# La Paz activities with baby!?



## SeaQueen (Sep 26, 2012)

My husband and I will be spending about 5 months a year in La Paz. While my husband is older/retired, we have a 1 year old baby and I am interested in finding other people with young ones and/or activities, schools, volunteer work etc that I could participate in with my child.

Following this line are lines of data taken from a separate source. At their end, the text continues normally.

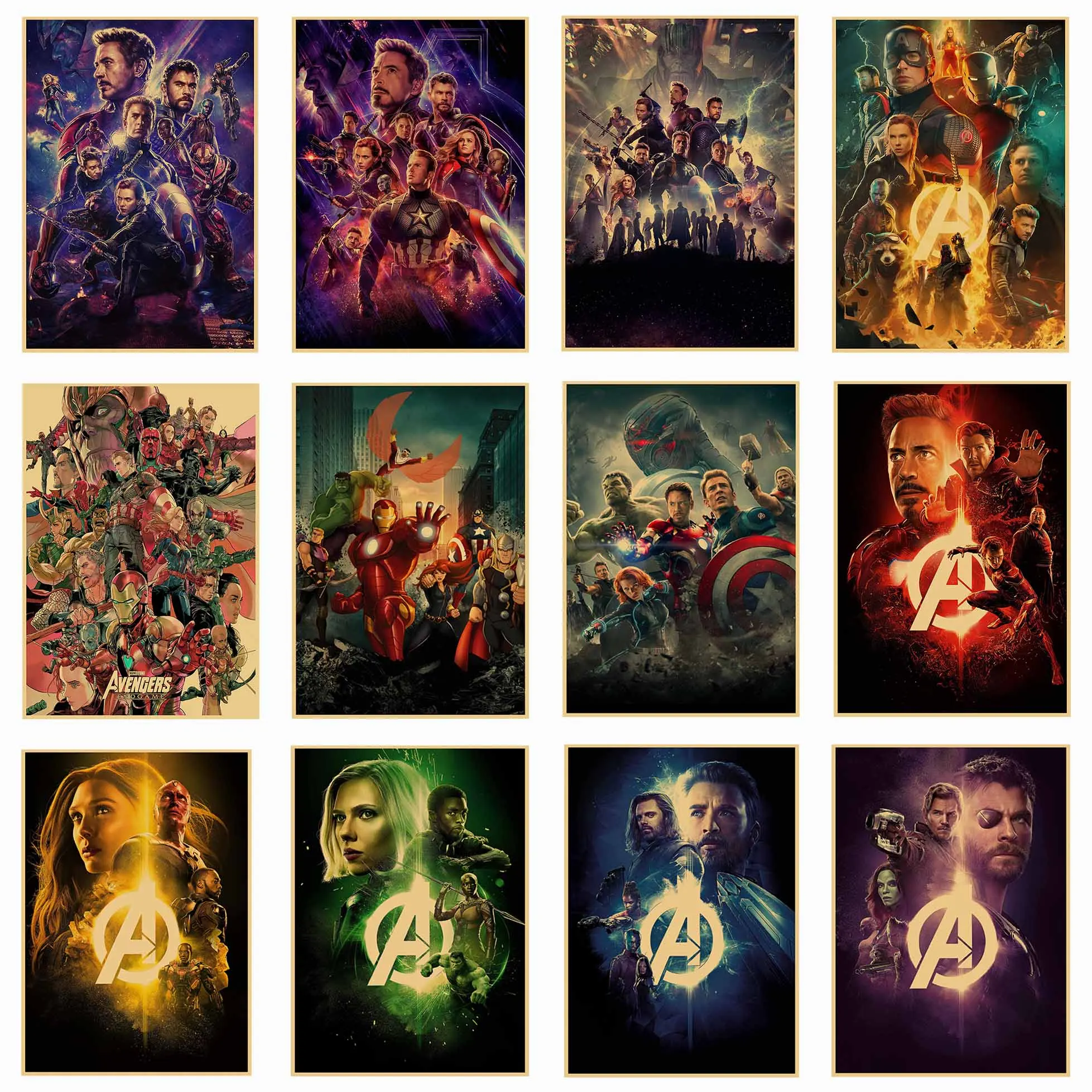 Серия супергероев Marvel, фильмы Мстители, ретро, постер из крафт-б...
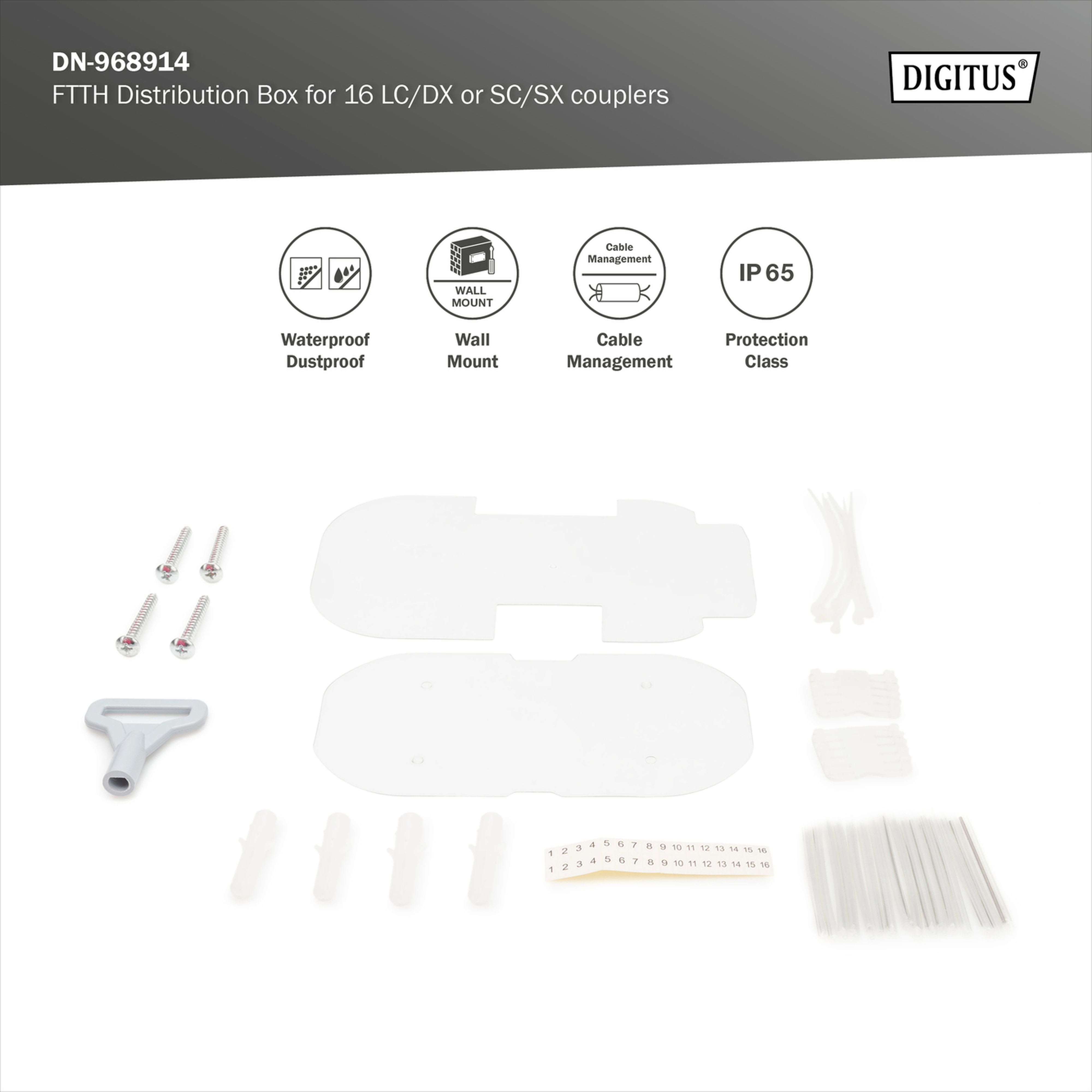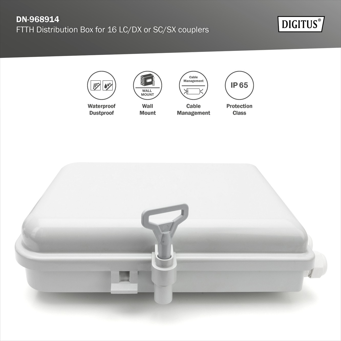 Assmann Electronic - Boîtier distribution FTTH extérieur pour 16 câbles et 16xLC/DX ou SC/SX - DN-968914
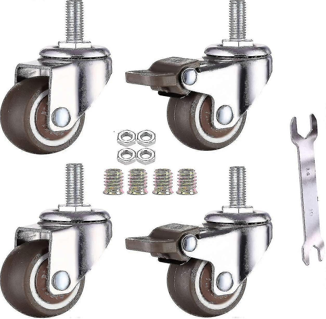 4 Pack Small Furniture Casters 25mm Soft Tpe Rubber M6 X 15mm Thread (2pcs With Brake) (25 mother gift
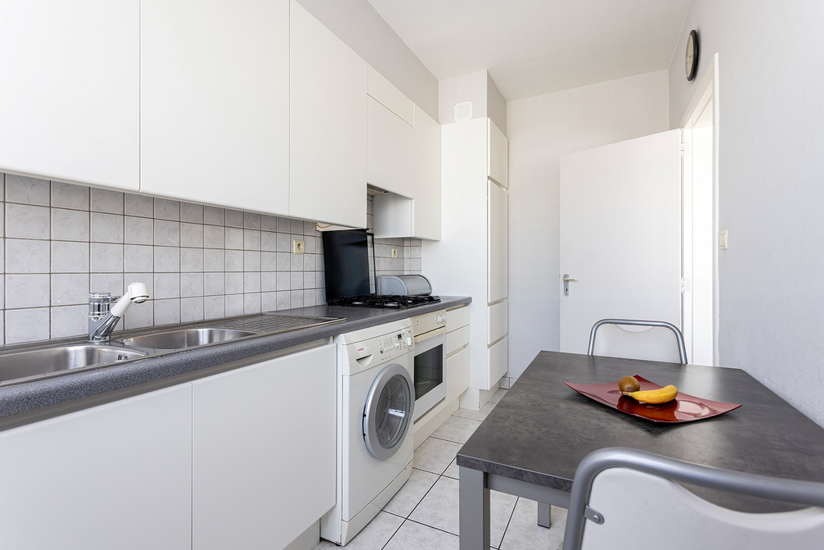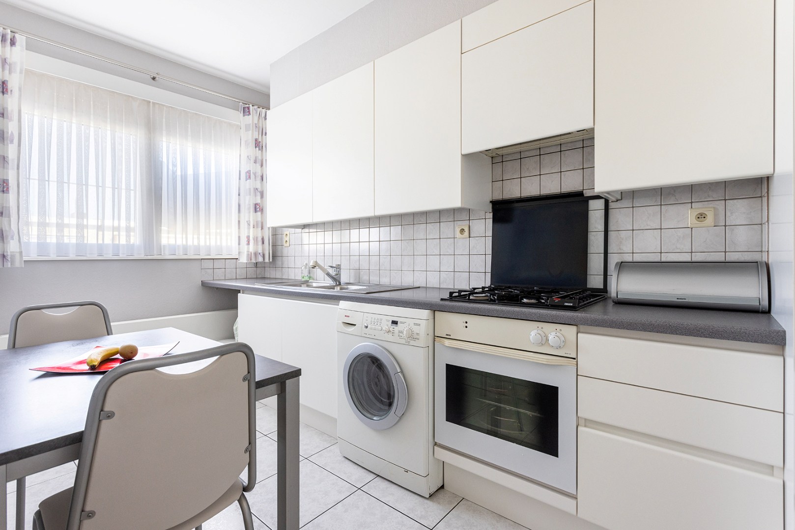 U betreedt het appartement via een centraal gelegen inkomhal, dewelke doorgang geeft aan de woonkamer, een badkamer met inloopdouche, een apart toilet, twee ruime slaapkamers, waarvan de tweede toegang verschaft aan het terras en een dressing/berging. De keuken, voorzien van een kookplaat op gas, dampkap, oven, dubbele spoelbak en de aansluiting voor de wasmachine, kan u via de woonkamer bereiken.
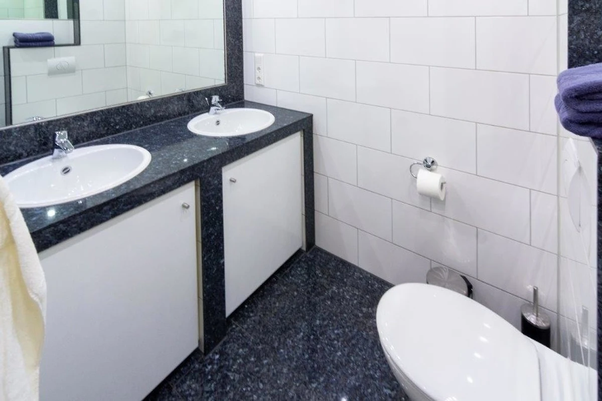 Das zweite Schlafzimmer ist mit einem Doppelbett ausgestattet. Dazu gehören zwei Nachttische und natürlich dürfen einer Wecker oder Radiowecker und die beiden Nachttischlampen nicht fehlen. Ein Babybett kann hier ebenfalls zugestellt werden.
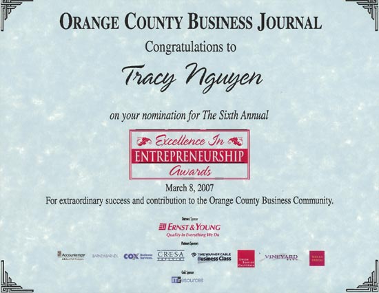 Congratulations are in order for AQP CEO and founder Tracy Nguyen. She was recently nominated by The Orange County Register for their 6th Annual Excellence in Entrepenuership Award.
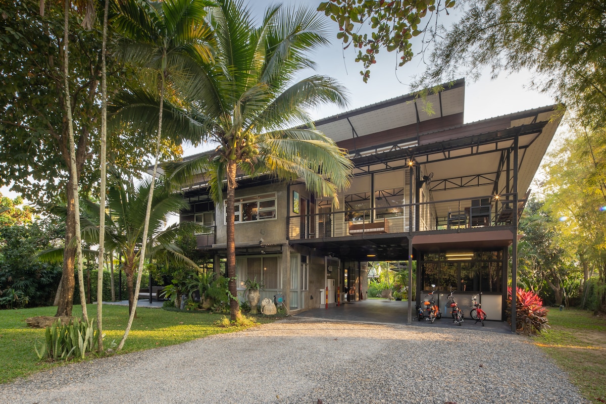 Maison naturelle avec vue sur les rizières, comme à la campagne, avec vue sur les rizières de septembre à décembre. La maison est construite en bois ancien, calme et paisible. À seulement 10 pas, vous trouverez des cafés et des restaurants, la maison Thongchai et des boutiques telles que des magasins d'argenterie, des magasins de vêtements en coton et de bois, ce qui donne une atmosphère de vacances à la campagne, mais très proche de la ville, à seulement 11 km de l'aéroport de Chiang Mai./ Safari nocturne / Botanique / et de nombreuses autres écoles internationales, temples célèbres tels que le temple Doi Kham, voyage confortable

Please let me know if any of you have thoughts or ideas.

All the best! 

SQ


----------



## AlanMexicali (Jun 1, 2011)

SeaQueen said:


> My husband and I will be spending about 5 months a year in La Paz. While my husband is older/retired, we have a 1 year old baby and I am interested in finding other people with young ones and/or activities, schools, volunteer work etc that I could participate in with my child.
> 
> Please let me know if any of you have thoughts or ideas.
> 
> ...


If you speak passable Spanish I am certain you and your child will have lots to do just by interacting with Mexicans. They are a very social group. Some might speak passable English also.


----------



## makaloco (Mar 26, 2009)

If you take your baby for walks along the La Paz Malecón, you're sure to meet many Mexican parents with young children. Paceños are very friendly, and most will speak to you in Spanish, whether or not you understand. It's definitely a family-oriented city. There is also a Yahoo Group for expats where you might find others in the same situation. While many are retirees, quite a few are active in volunteer work, including some involving children. I don't think I'm allowed to post a link to it, but you can go to groups.yahoo.com and search for "La Paz Gringos". Good luck, and I hope you enjoy your stay!


----------